To better understand the photophysical character, the electrochemical properties of the dyes were investigated using cyclic voltammetry (CV), as shown in Fig. 5. The formal potential of Fc/Fc⁺ was 0.197 V versus Ag/Ag⁺. Reversible oxidation and reduction waves were observed for the N₂O₂-dyes (1–4) enabling us to determine the half-wave potentials ((E_ox^1/2) and (E_red^1/2)) as summarized in Table 2. On another front, control 5 exhibited an irreversible reduction wave, from which the corresponding onset potentials were determined. The electrical gap of the dyes was inconsistent with the absorption bands observed in Fig. 4a, possibly due to some involvement of transitions other than the HOMO → LUMO transition in the absorption band.
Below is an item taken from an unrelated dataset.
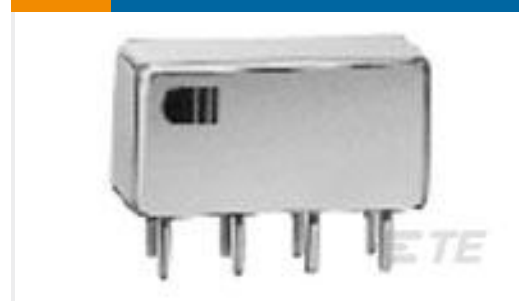
TE 产品编号2-1617039-6 HMS1201S110L = M39016/44-026L

The HOMO and LUMO energy levels were estimated on the basis of those potential values (Table 2). When compared to BF₂ dye 5, intramolecular B,O cyclization made the HOMO more negative than the LUMO, resulting in a narrower band gap and consequent red-shift in the absorption and fluorescence bands. It was also found that thiophene-insertion in the chromophore had a stronger impact on the HOMO level than on the LUMO. Notably, the HOMO level of 3-thiophene analogue 2 was higher-lying than that of 5-thiophene stereoisomer 3. Moreover, the HOMO level became more destabilized as the number of thiophene units in the chromophore increased. In this way, the HOMO levels were energetically higher in the following order: 4 > 2 > 3 > 1, resulting in a smaller HOMO–LUMO bandgap. The trend observed here was rationalized by theoretical calculation (vide infra).

Fig. 5 Cyclic voltammograms of dyes (1 mM) in THF containing 0.1 M TBAPF₆. Ferrocene was used as external standard. The scan rate is 0.05 V s⁻¹.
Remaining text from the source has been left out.